Chapter Twenty-One
Growing up, Janice often heard the story of an old hunter. This hunter had fought and killed just about every prey known to man. Before he’d turned gray, he’d exhausted the lands of Ardennes of any challenge. Every last boar, fowl and deer fell before his spear and bow.
And so he left. He hitched a ride on caravans. Snuck aboard boats sailing the great seas. He traveled farther than any merchant ever had. He set sight on foreign cities and structures no Ardennes dignitary nor missionary had ever dreamed of seeing. No explorer had the drive to go as far and wide as this hunter.
His hunger for more at long last brought him to the coast of Sol Dakar. It was a land of desolate plains where the main source of food were the many beasts dotting its landscape. Nothing existed for as far as the eye could see that was not a hunting ground, making a hunter of even the youngest among the land’s tribes.
But there remained one beast, even the locals dared not target. They called him the Dakar Sayyid. Lord of the plains. The largest, fiercest lion to ever live. Tales reached the hunter far and wide of the Dakar Sayyid’s feats. Destroying 20-men hunting parties without taking a single blow. Devouring whole men in one gulp, slurping them down his massive throat like a snake. Some said he was the size of an entire building. One claw alone was the size of an entire man’s head.
The hunter could not help himself. And so he answered the call of the hunt and plunged himself into the seemingly infinite expanse of those sun-drenched plains. For days he roamed, running out of supplies on the tenth. But he remained. He continued to track, continued to hunt, continued to thirst for blood unlike he ever had before.
He slated his external thirst by drinking from muddy water pits even the hyenas ignored. At night, he roasted antelope to curb his hunger and used their blood as bait for the Dakar Sayyid.
It is unknown how long he persevered in this way until at long last, he spotted his prey. Or perhaps, as the story was often told, he had, in fact, become the prey spotted.
The hunter had entered the plains young, virile, with long flowing locks of luscious blonde hair.

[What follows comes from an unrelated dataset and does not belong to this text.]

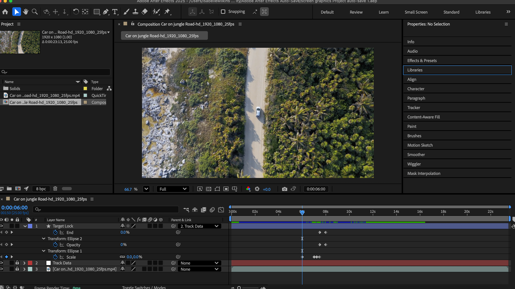 We began working on after effects with the video of the car on the jungle road, working out how to track the car.

Standing atop a giant hill where he could see the land disappear over the horizon as the sun solemnly set, the hunter, now at the story’s conclusion, beard fiercely gray and thick, wrinkles spreading like spider’s webs under his eyes, watched the Dakar Sayyid skulking along the bottom of the hill.
It slithered among the shadows as the heat pounded into the hunter’s sunburned neck. Its nostrils flared and snorted as the hunter’s eyes stung with tears. Its tail wagged. It bounded from craggy rock to dusty mound blowing fumes of dirt into the air.
And the hunter’s anger seethed like never before.
He would not be ignored.
He raised his spear into the air, bellowing the mightiest roar his throat could muster, ignoring all pretense of subterfuge or skill. This was to be a battle of the most base martial prowess. Spear vs claw. Man vs beast.
The Dakar Sayyid met his challenge and bounded up the hill as the hunter’s scream rose in volume. He screamed until his voice was nothing more than a guttural, savage roar. The Dakar Sayyid never roared.
Janice always remembered that detail. It was the most important one. The lion never made a sound. It didn’t need to.
The clash was swift and beautiful in its simplicity. The tip of the spear, aimed with years of expertise and steely cold valor, broke upon the massive beasts skull as claws sunk deep into the hunter’s thigh.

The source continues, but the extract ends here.